BEGIN
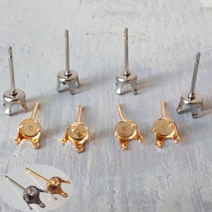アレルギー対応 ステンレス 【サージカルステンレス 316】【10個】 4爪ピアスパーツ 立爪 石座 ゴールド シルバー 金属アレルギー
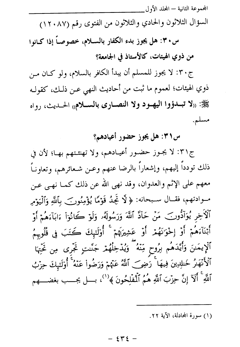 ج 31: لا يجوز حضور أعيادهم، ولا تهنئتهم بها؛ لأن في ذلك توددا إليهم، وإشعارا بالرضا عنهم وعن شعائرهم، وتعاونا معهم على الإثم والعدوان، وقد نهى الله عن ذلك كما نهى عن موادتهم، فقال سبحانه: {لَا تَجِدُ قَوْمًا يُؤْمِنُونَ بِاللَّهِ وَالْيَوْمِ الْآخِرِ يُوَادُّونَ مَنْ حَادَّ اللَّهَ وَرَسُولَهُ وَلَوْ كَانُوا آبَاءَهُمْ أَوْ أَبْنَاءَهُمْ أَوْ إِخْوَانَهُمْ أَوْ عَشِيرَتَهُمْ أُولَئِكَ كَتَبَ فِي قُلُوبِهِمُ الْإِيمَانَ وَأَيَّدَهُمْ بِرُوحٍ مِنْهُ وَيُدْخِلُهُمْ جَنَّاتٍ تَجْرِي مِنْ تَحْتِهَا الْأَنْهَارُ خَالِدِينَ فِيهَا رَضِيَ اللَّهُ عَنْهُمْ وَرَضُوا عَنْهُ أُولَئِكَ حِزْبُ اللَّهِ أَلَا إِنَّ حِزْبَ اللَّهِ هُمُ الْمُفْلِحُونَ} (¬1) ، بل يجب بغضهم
END
BEGIN
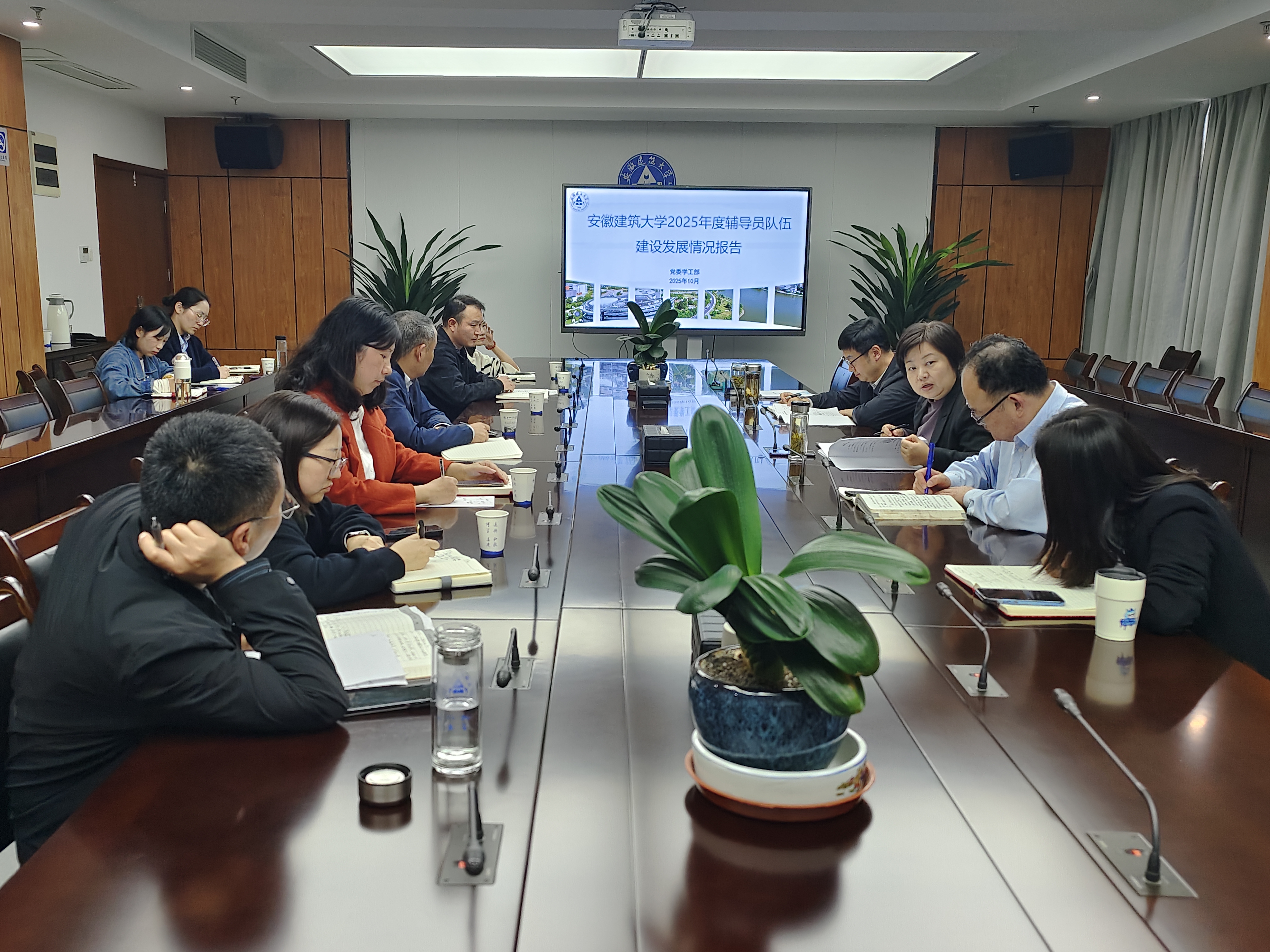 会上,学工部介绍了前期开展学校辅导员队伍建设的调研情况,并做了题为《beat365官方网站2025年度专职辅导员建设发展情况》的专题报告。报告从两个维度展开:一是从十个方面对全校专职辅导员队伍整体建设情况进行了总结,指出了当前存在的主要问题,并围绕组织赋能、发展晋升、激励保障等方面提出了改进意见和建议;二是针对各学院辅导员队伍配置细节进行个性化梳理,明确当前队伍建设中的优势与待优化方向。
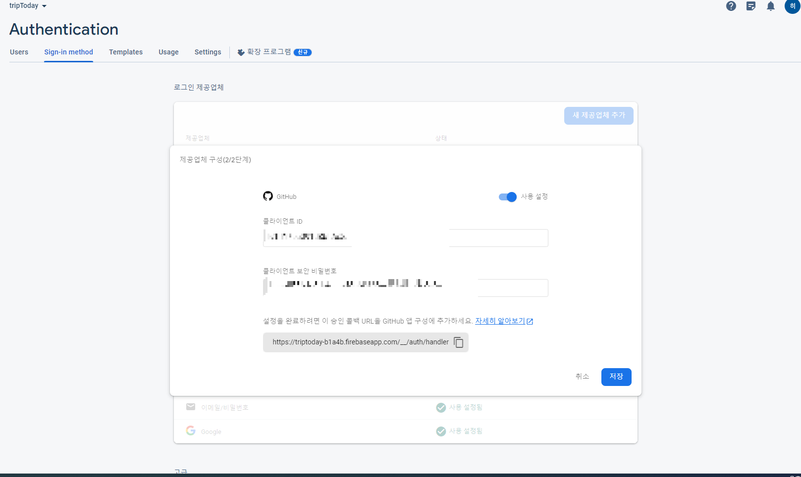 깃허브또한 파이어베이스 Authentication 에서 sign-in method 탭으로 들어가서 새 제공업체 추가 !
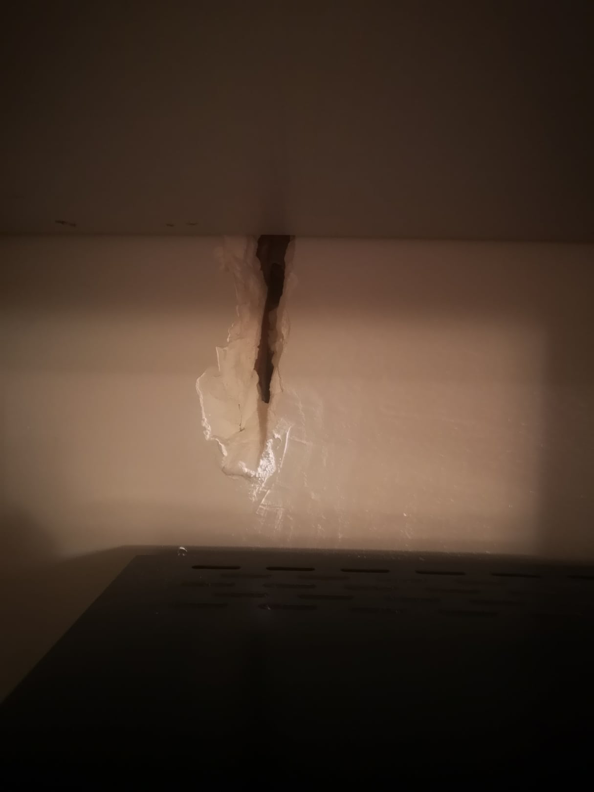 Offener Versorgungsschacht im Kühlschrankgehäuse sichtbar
END
Your instructions: Set down exactly the lines above, from the line containing "アレルギー対応 ステンレス 【サージカルステンレス" through the line containing "ج 31: لا يجوز". Skip the pictures.

Final answer:
アレルギー対応 ステンレス 【サージカルステンレス 316】【10個】 4爪ピアスパーツ 立爪 石座 ゴールド シルバー 金属アレルギー
 ج 31: لا يجوز حضور أعيادهم، ولا تهنئتهم بها؛ لأن في ذلك توددا إليهم، وإشعارا بالرضا عنهم وعن شعائرهم، وتعاونا معهم على الإثم والعدوان، وقد نهى الله عن ذلك كما نهى عن موادتهم، فقال سبحانه: {لَا تَجِدُ قَوْمًا يُؤْمِنُونَ بِاللَّهِ وَالْيَوْمِ الْآخِرِ يُوَادُّونَ مَنْ حَادَّ اللَّهَ وَرَسُولَهُ وَلَوْ كَانُوا آبَاءَهُمْ أَوْ أَبْنَاءَهُمْ أَوْ إِخْوَانَهُمْ أَوْ عَشِيرَتَهُمْ أُولَئِكَ كَتَبَ فِي قُلُوبِهِمُ الْإِيمَانَ وَأَيَّدَهُمْ بِرُوحٍ مِنْهُ وَيُدْخِلُهُمْ جَنَّاتٍ تَجْرِي مِنْ تَحْتِهَا الْأَنْهَارُ خَالِدِينَ فِيهَا رَضِيَ اللَّهُ عَنْهُمْ وَرَضُوا عَنْهُ أُولَئِكَ حِزْبُ اللَّهِ أَلَا إِنَّ حِزْبَ اللَّهِ هُمُ الْمُفْلِحُونَ} (¬1) ، بل يجب بغضهم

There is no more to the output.